Farmers recently reported that the incidences of FYD have increased rapidly. As more and more trees are being planted, the viruses will severely jeopardize the sustainability of green Sichuan pepper production. At the current moment, we are focusing on investigating the role of each of the four viruses on FYD. Preliminary observations noted various symptoms, which might be associated with different viruses in the plants. However, a further test is necessary to confirm the associations for solid conclusions. Considering again the natural infections of these viruses in seedlings, future work will focus on elucidating the mechanism of viral transmission and developing a virus-free certificate program to distribute seedlings to farmers.
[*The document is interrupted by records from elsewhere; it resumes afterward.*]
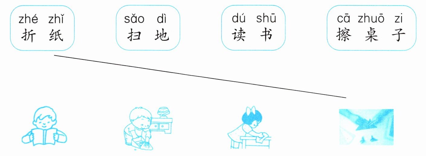 折纸连第四幅图,扫地连第二幅图,读书连第一幅图,擦桌子连第三幅图。
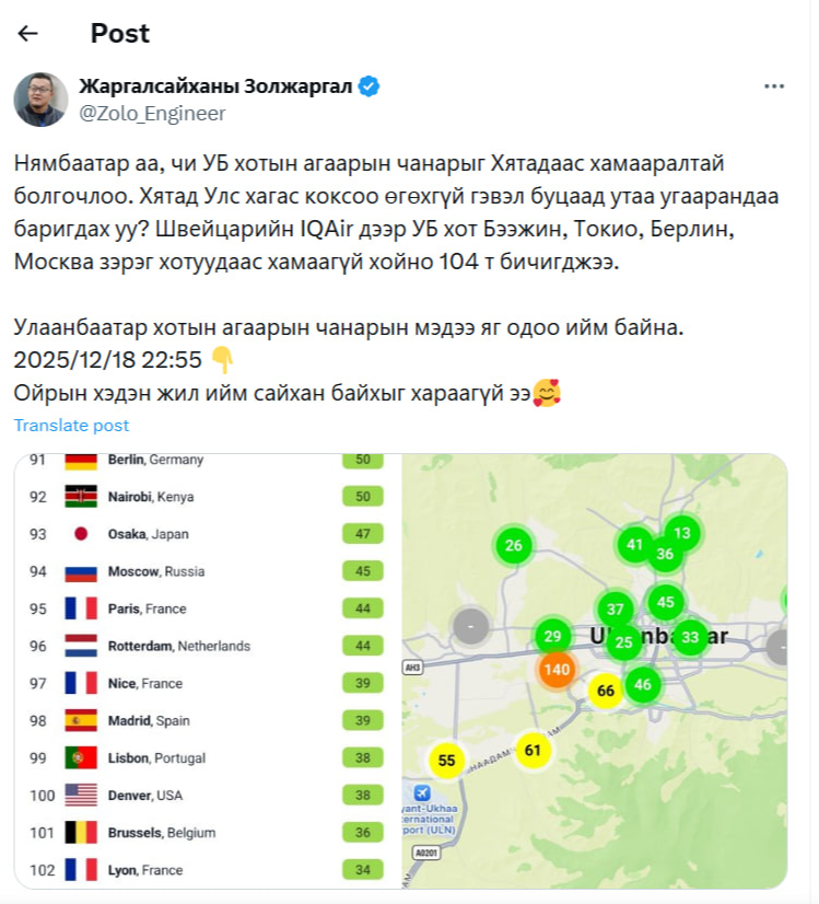 Тэрээр, “Нямбаатар аа, чи УБ хотын агаарын чанарыг Хятадаас хамааралтай болгочлоо. Хятад Улс хагас коксоо өгөхгүй гэвэл буцаад утаа угаарандаа баригдах уу? Швейцарын IQAir дээр УБ хот Бээжин, Токио, Берлин, Москва зэрэг хотуудаас хамаагүй хойно 104-т бичигджээ. Улаанбаатар хотын агаарын чанарын мэдээ яг одоо ийм байна. 2025/12/18 22:55
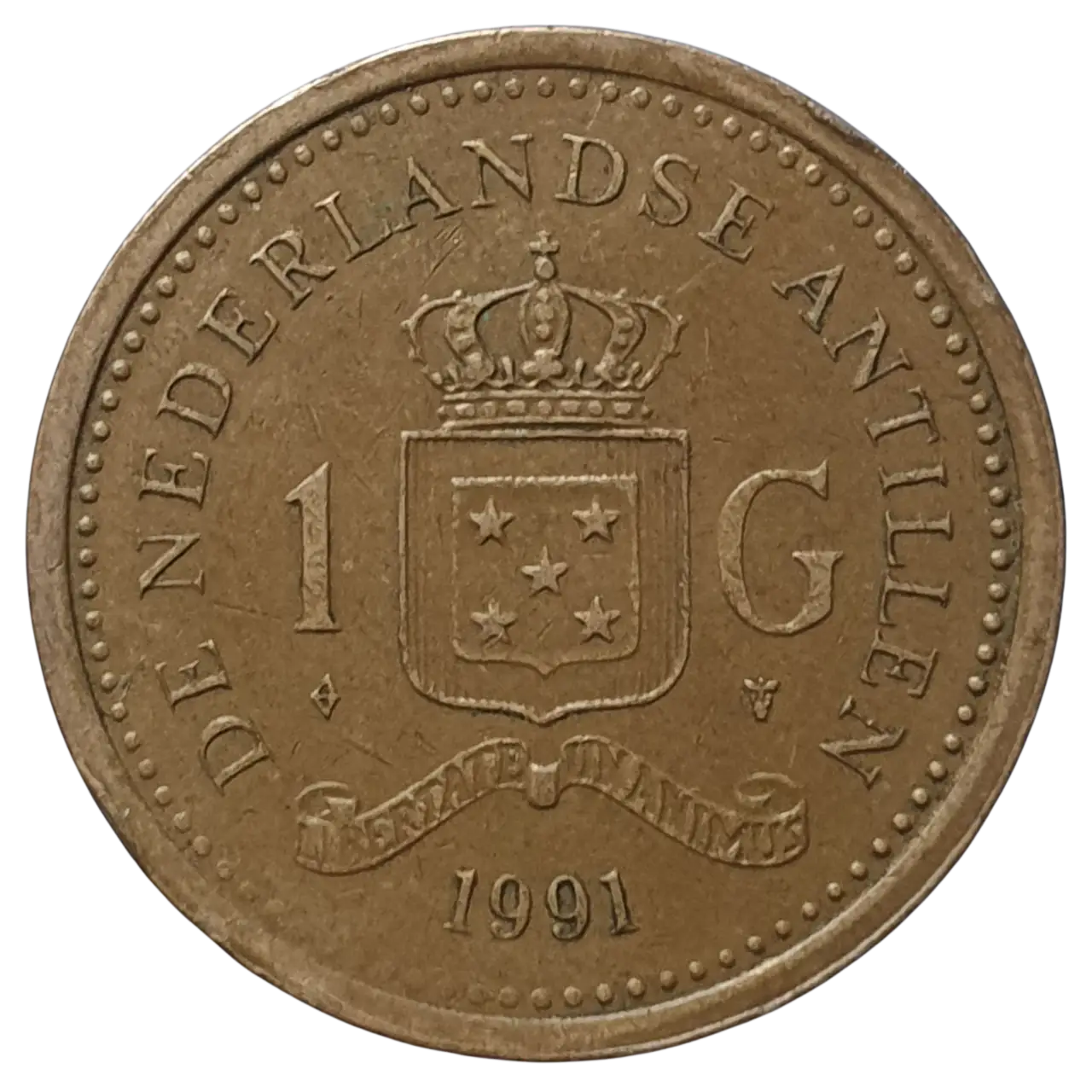Antilhas Holandesas,1 gulden 1991, aço revestido de bronze, 6 g, 24 mm, km# 37, rainha Beatriz

In summary, we identified four new graft- and naturally-transmissible RNA viruses by HTS of RNA- and sRNA-seq techniques, obtained the complete viral genomes based on cloning and Sanger sequencing, and investigated their occurrence in several major producing regions in Chongqing, using RT-PCR. Filed survey allows us to find the association of GSPNeV with the FYD. The virome analysis also suggests such an association. Further characterization of the viral sRNA populations recalls a typical virus-plant interaction model with respect to RNA silencing, thus an important mechanism could be utilized in combating against viral infections in plants [66
]. Future works of urgent need were discussed. All together these data provide significant information for virus control as well as disease management, contributing to the sustainability of green Sichuan pepper production.